ただし、自己資本比率に固執しすぎてはいけない。税引後当期利益を黒字にして、お金を会社に残すことが第一だ。

そもそも税金は、日本の未来をつくるお金でもある。税金が減るということは、日本の将来を支える原資が減るということになる。経営理念で「社会貢献」を謳っておいて、税金は払いたくないというのはおかしな話だ。税金を納めることこそ社会貢献の最たるものである。

節税効果の話
節税の知られざる実体
会社の財務体質を強くするために、節税はすべきではない。しかし、多くの経営者は、「納税するくらいなら節税したほうがいい」と考え、生命保険などに手を出してしまう。

節税の手段として最も一般的な生命保険をはじめ、節税にはお金の支出が必須である。お金を支出せずに節税をするなどあり得ない。つまり、節税をすればするほど、会社のお金は流出する。この実体を包み隠すために、保険会社は「節税効果」といっているのだ。生命保険は、支払ったお金の全額が戻ってくることは絶対にない。戻ってくるときには必ずお金は減っている。

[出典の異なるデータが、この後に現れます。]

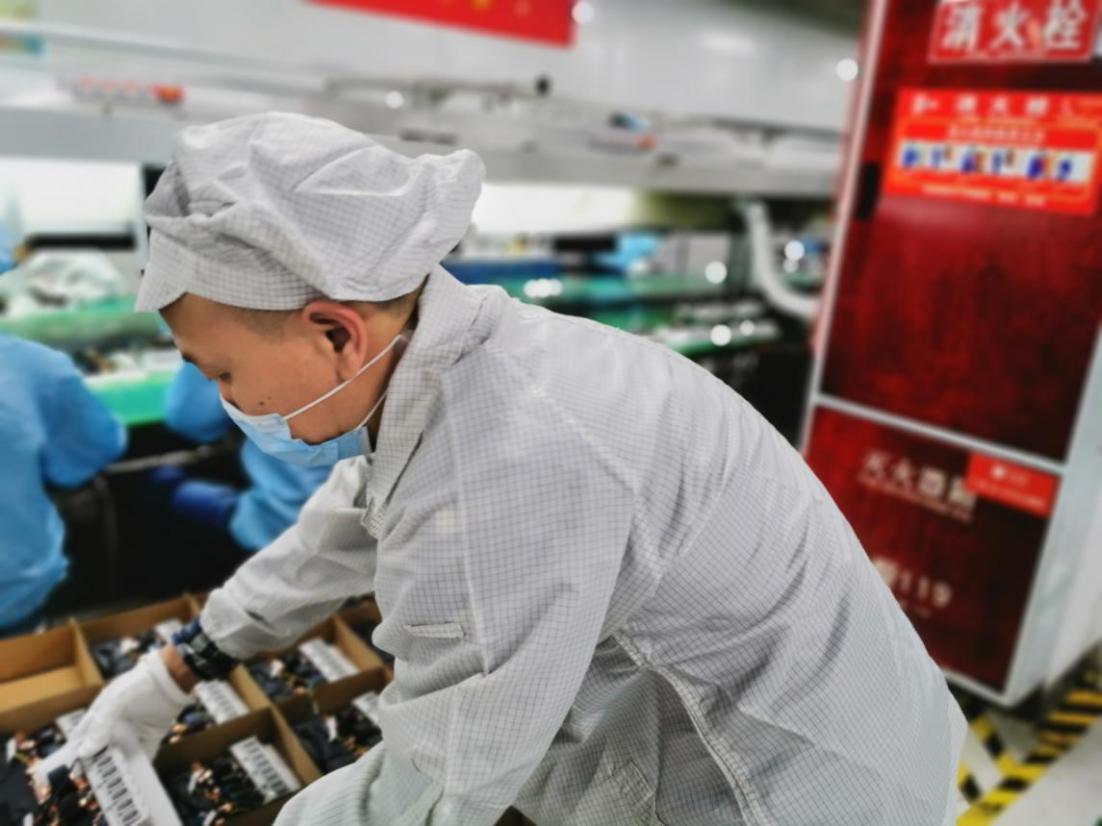 制造中心的高级生产主管王家翔、生产经理陈长春、工会主席黄国剑等相关负责人第一时间报名,共同组建了一条临时包装线体,因阵容“豪华”,该线体被广大员工戏称为“最豪华包装线”。身穿蓝色工衣、头戴蓝色工帽的他们,有条不紊地进行手头上的工作,与一线员工无异。唯一不同,可能就是他们下工后还需回到办公室继续奋战,处理累积了一天的工作。来自营销中心的小伙子王祥麟展现了“该出手时就出手”的风采。初上产线的他,没有产线新手的笨拙,一举一动干脆利落,完全不输产线熟练工,同事们都调侃他为“被职能工作耽误了的产线老手”。

さらには、保険を解約すると、解約返戻金は雑収入の扱いとなり、場合によっては課税対象になることもある。支払ったときより少ないお金が手元に戻り、その上に雑収入として課税される。この可能性を考えると、節税の実体は「資金の社外流出」といえよう。節税を求めすぎるとお金のない会社になり、自己資本比率を下げてしまうことになる。

内部留保により自己資本を厚くするのは、一朝一夕にはできないことである。いつ何があっても対処できるほどの余剰資金を持っておくには、目先のお金ではなく、将来を見据えたお金の持ち方を考えなければならないのだ。